* [Data provided]:
────────────────────────────────────────

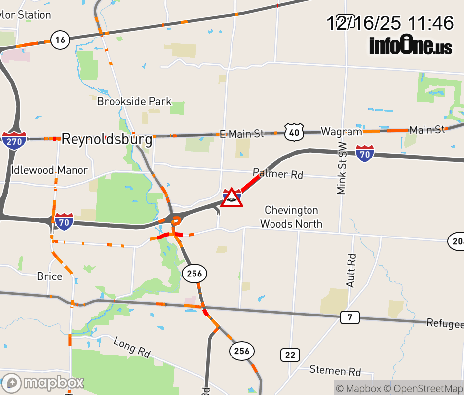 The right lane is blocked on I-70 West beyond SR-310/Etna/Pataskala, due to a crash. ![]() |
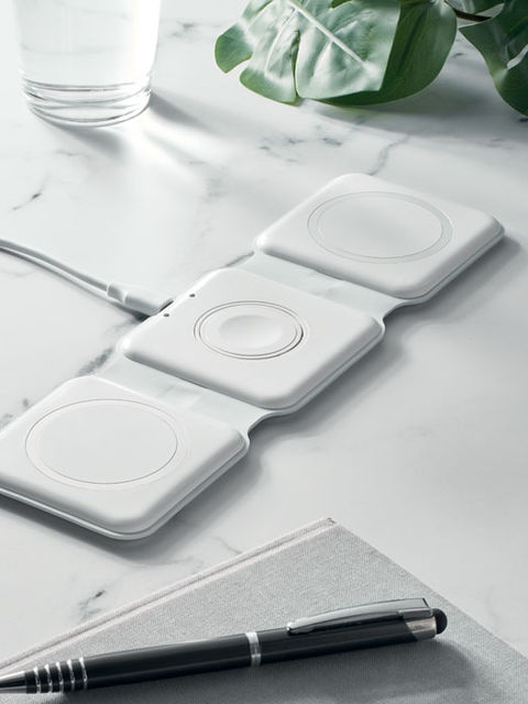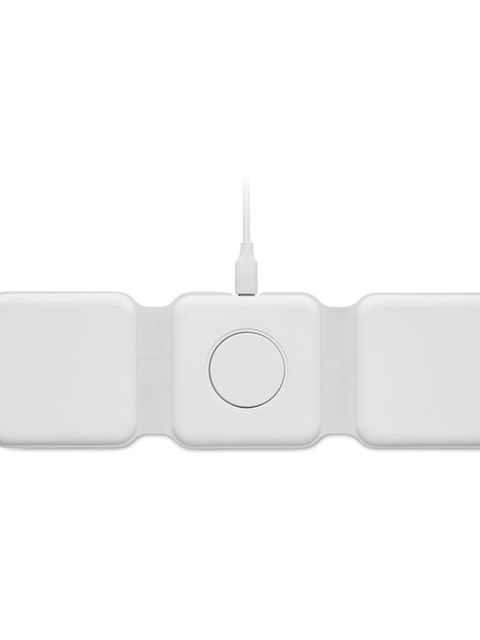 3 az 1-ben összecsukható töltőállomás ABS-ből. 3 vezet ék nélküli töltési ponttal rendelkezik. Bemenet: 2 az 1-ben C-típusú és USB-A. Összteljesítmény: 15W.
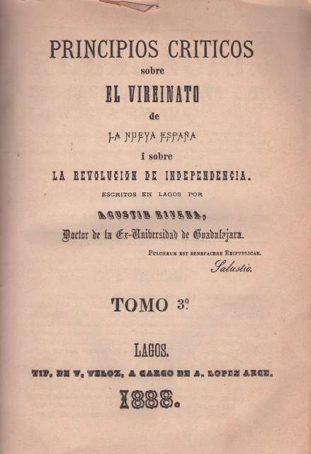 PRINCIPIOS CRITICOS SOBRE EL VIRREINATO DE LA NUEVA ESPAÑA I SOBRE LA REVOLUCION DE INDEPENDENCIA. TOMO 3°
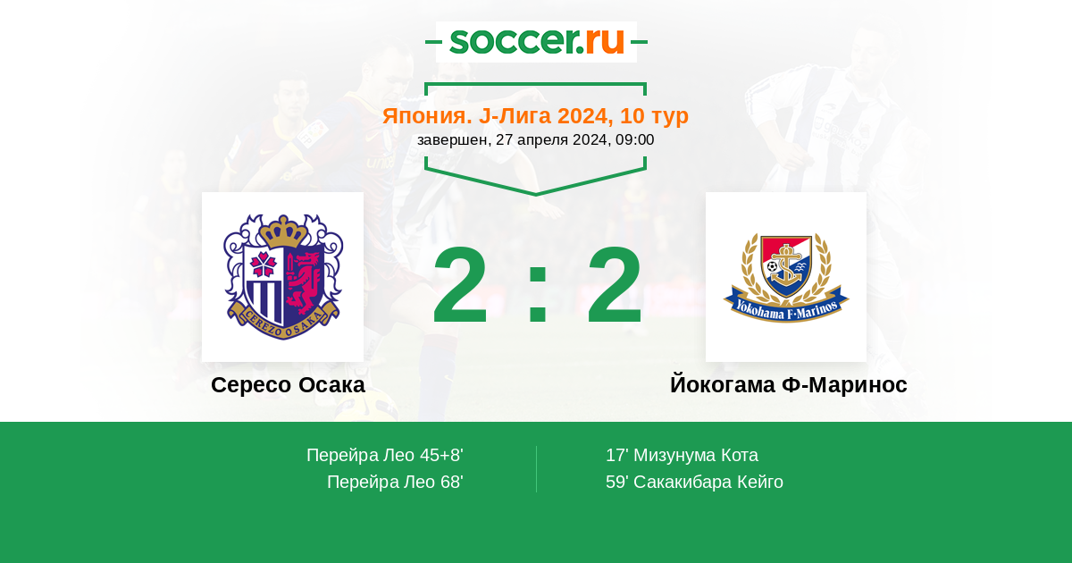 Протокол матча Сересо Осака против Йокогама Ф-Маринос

────────────────────────────────────────

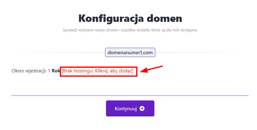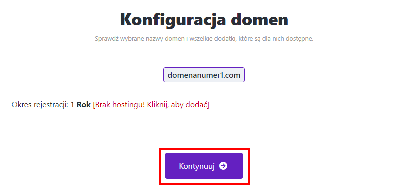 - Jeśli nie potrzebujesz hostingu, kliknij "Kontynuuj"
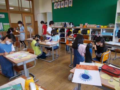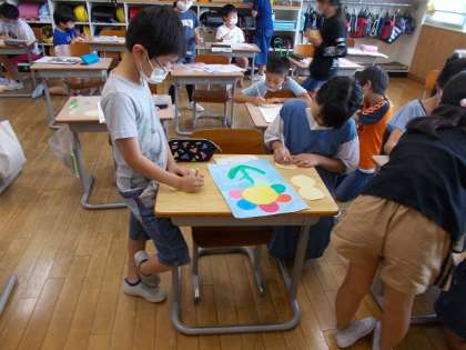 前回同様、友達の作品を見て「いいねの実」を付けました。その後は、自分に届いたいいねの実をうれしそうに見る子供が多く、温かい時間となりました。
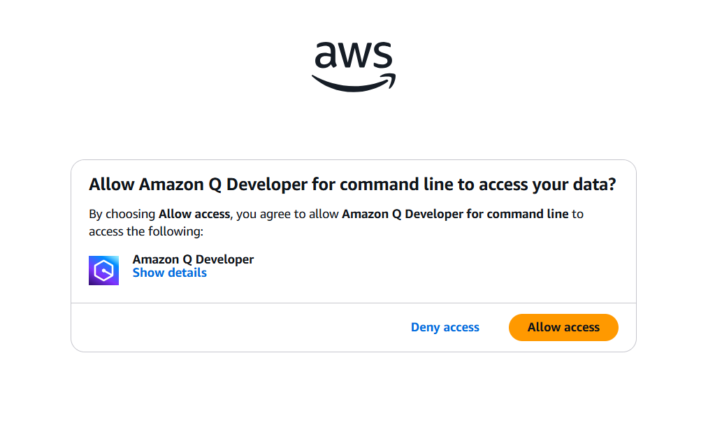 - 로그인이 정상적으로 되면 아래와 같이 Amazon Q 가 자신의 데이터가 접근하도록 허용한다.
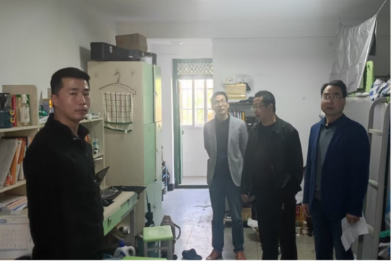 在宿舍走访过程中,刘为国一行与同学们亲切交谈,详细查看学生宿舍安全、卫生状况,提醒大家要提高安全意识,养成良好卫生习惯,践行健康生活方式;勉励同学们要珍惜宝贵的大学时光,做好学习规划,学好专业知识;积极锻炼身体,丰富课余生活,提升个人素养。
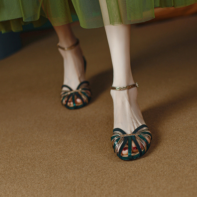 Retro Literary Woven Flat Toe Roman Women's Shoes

────────────────────────────────────────

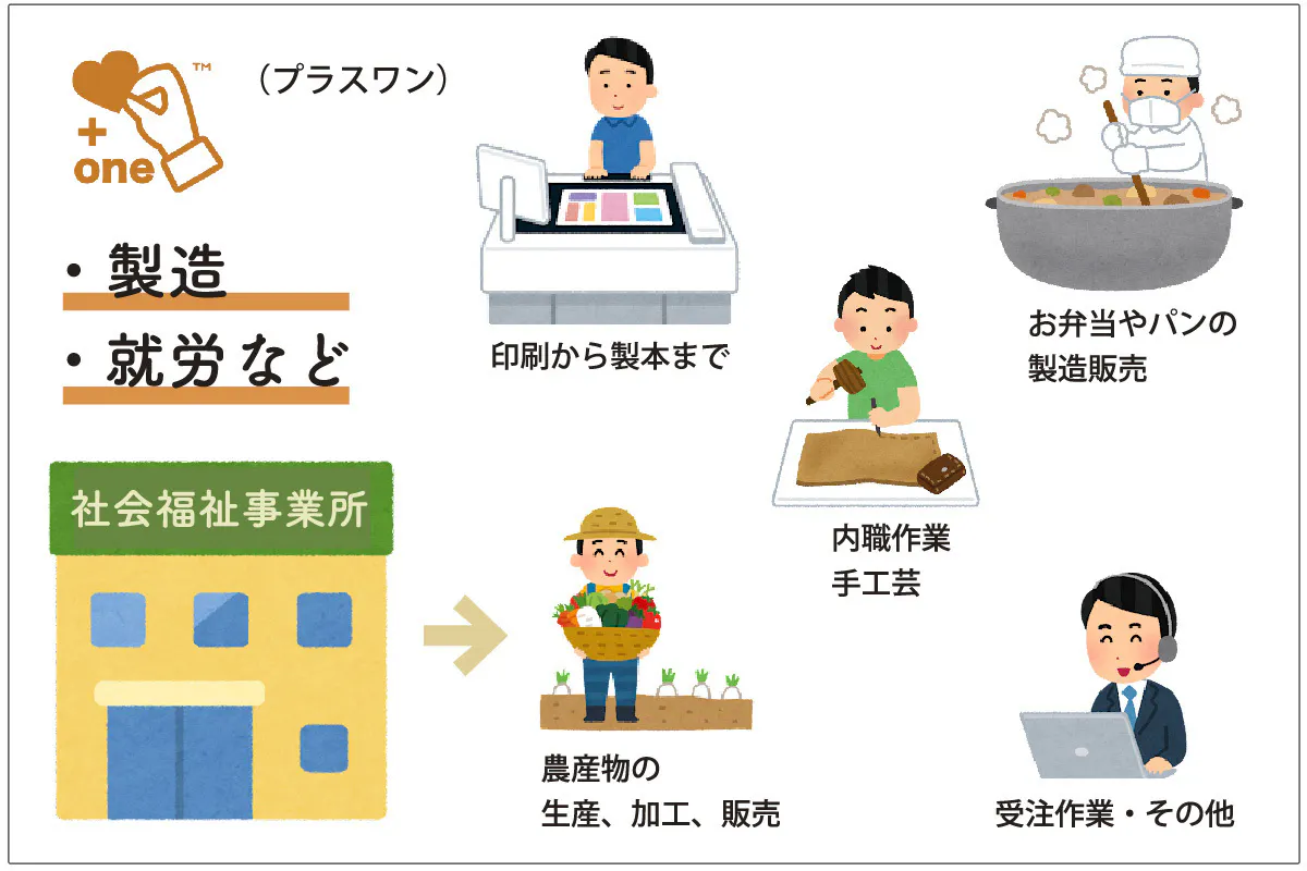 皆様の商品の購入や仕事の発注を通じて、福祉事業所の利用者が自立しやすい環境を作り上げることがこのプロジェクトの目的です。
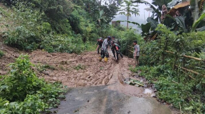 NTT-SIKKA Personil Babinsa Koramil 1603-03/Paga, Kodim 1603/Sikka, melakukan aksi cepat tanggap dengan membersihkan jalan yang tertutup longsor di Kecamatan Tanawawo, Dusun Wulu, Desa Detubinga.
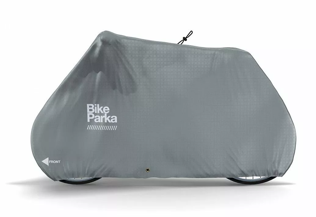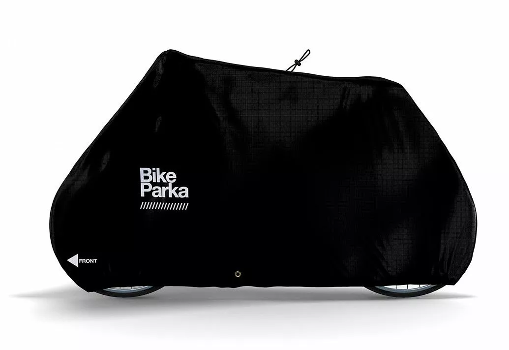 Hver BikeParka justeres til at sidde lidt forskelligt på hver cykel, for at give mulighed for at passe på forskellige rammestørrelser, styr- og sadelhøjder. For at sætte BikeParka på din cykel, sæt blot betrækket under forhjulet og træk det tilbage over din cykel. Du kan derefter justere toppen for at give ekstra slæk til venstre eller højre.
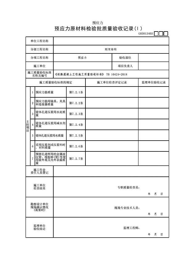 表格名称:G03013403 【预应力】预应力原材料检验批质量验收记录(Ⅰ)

────────────────────────────────────────

* [Assignment]: Please set down, exactly and with no pictures, the lines in the entries above starting at the one holding "在宿舍走访过程中,刘为国一行" and ending at the one holding "Retro Literary Woven", ends included.

* [Problem solution]:
 在宿舍走访过程中,刘为国一行与同学们亲切交谈,详细查看学生宿舍安全、卫生状况,提醒大家要提高安全意识,养成良好卫生习惯,践行健康生活方式;勉励同学们要珍惜宝贵的大学时光,做好学习规划,学好专业知识;积极锻炼身体,丰富课余生活,提升个人素养。
 Retro Literary Woven Flat Toe Roman Women's Shoes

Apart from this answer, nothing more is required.